Why are there worms in the soil? One of the many questions I have asked myself in the course of a day. Everything in the natural world usually has a function. Worms create tunnels in the soil. These tunnels act as a pathway for roots to travel. Worms ingest decomposed leaves and organic matter. This is probably why they stay within one foot or so of the earth’s surface. We very seldom find worms in clay or very sandy soil; places roots don’t like to hang out. Worms also aerate the soil. Their travels create small air tunnels just under the soil surface. Our native earthworms are small one inch creatures; very narrow and delicate. Large earthworms or night crawlers are slimy worms from other continents. They accompanied the soil from roots of plants brought from other lands. When trees, shrubs and perennial roots use these earthworm holes to wander through the soil, there is an air transfer at work that’s keeps our landscape healthier. Soil that has been compacted through super saturation can choke plants and create an unhealthy environment. I mention all these factors because I am seeing some very strange plant phenomenon in the woods.
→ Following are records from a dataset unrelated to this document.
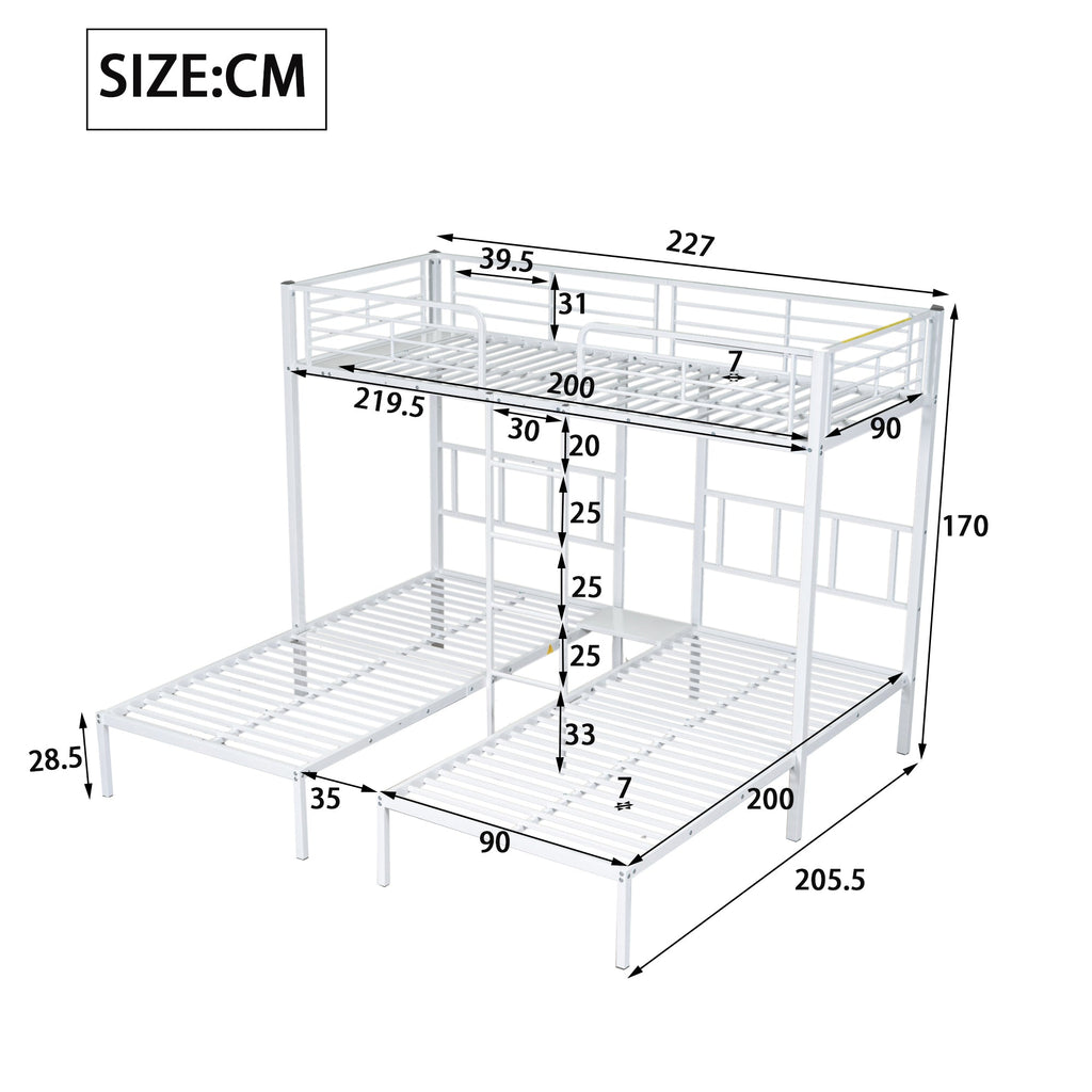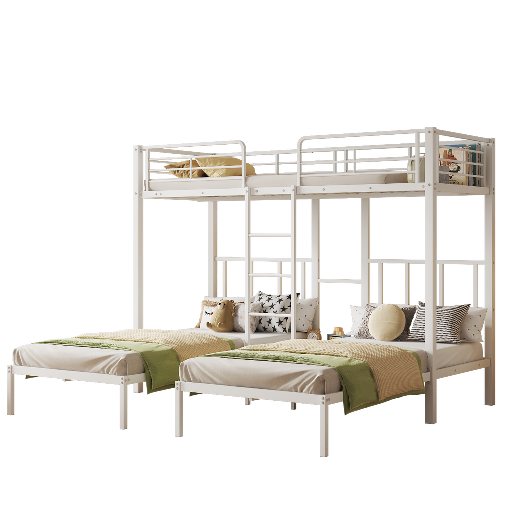Triple Bed, Bunk Bed with Ladder, Safety Rail & Table, Iron White
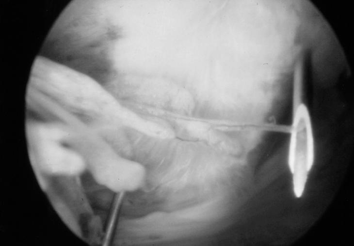 Figura 3. Delimitación del ligamento coracoacromial con dos agujas según la técnica de Ellman.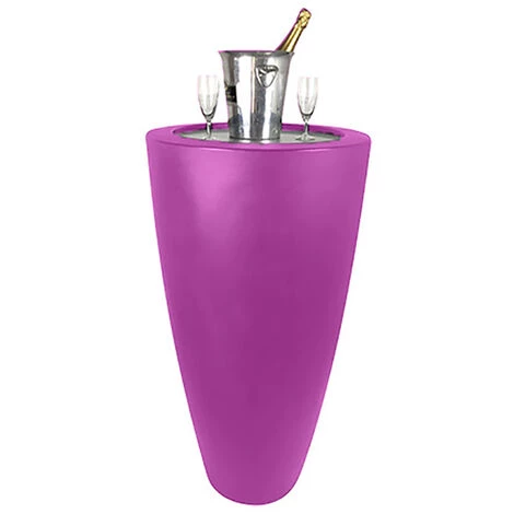 Pot conique DELIGHT 3 en 1: pot de fleurs, seau à champagne et table de cocktail couverte d’un disque inox. Vase décoratif, pot de fleurs, seau à champagne, table de cocktail, le pot conique DELIGHT est un bouquet de plaisirs qui fera sensation en intérieur , terrasse, balcon, jardin, espaces professionnels tant il est raffiné et majestueux avec ses formes douces et imposantes. Fabrication 100% française pour un objet de décoration innovant, beau et pratique. 100% recyclable. Disponible en blanc, gris, taupe, noir, rouge, orange, violet, vert anis, rose, bleu.

Since mid-August we have had almost thirty inches of rain. The unusually heavy rain occurring this time of year has stressed many trees and is drowning many plants in the landscape. I’m seeing yellowing and browning on leaves and leaf tips on some maples are turning that characteristic black when plants get too much water. These conditions are most pronounced in heavier soils that tend to drain much slower. It’s all a function of climate change. What’s next? I don’t believe any one knows, but stay tuned as I plan on following these changes very closely.
Don’t fret, it’s October, one of our favorite times of the year. It’s the season to put away the mower and get ready to compost the leaves. October begins green and ends gray; but in between, we have some of the greatest color on the planet. October is the time of year to relax and smell the apple punk. October is long hikes in the deep woods to enjoy the maple, hickory and birch hues. October is our first frost. October is the beginning of the fall rainy season….uh-oh! October is stacking up the wood pile. October is windy. October is the hunter’s moon. October is geese flying south before winter sets in. October is the night sky full of stars. October is good eats. October is getting out the long johns and feety pajamas. October is grrrrrrrrrreat!